* _SUPPLIED INFORMATION_
━━━━━━━━━━

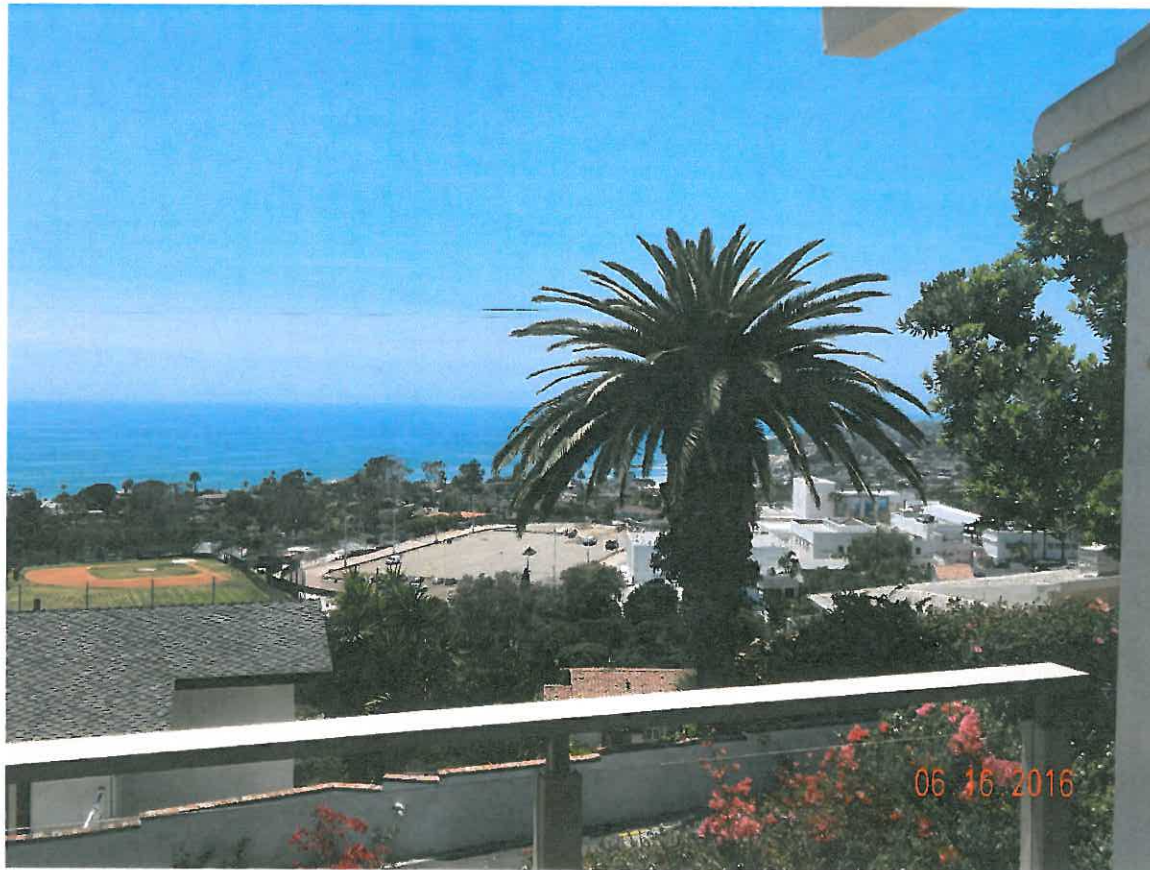
757 Coast View Drive

The photograph above was taken from the Family room on the lower level of the primary residential structure.
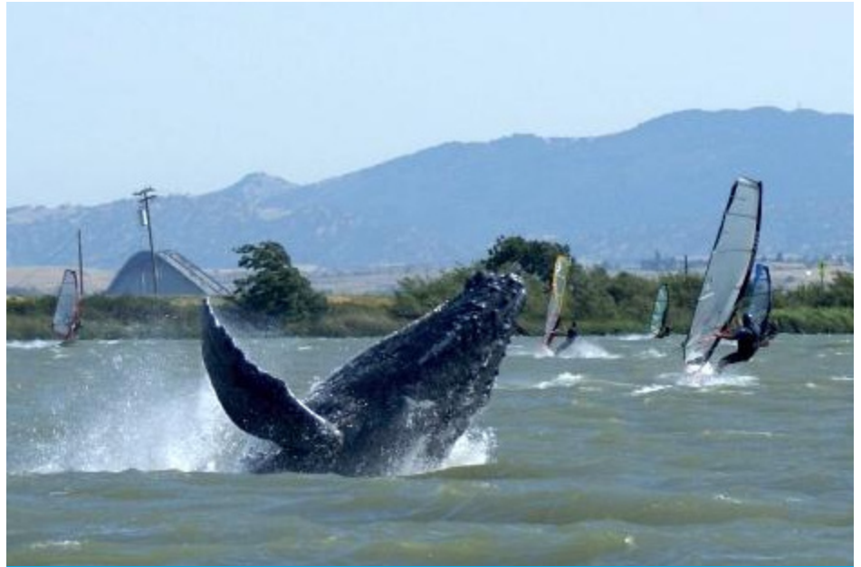
Humpback Whale Delta/Dawn (breaching in Sacramento River)

━━━━━━━━━━

* _THE PROBLEM_
Your output should be the lines from the one with "The photograph above" through the end of the listing, copied exactly and with the pictures left out.

* _RESULT OF THE TASK_
The photograph above was taken from the Family room on the lower level of the primary residential structure.
Humpback Whale Delta/Dawn (breaching in Sacramento River)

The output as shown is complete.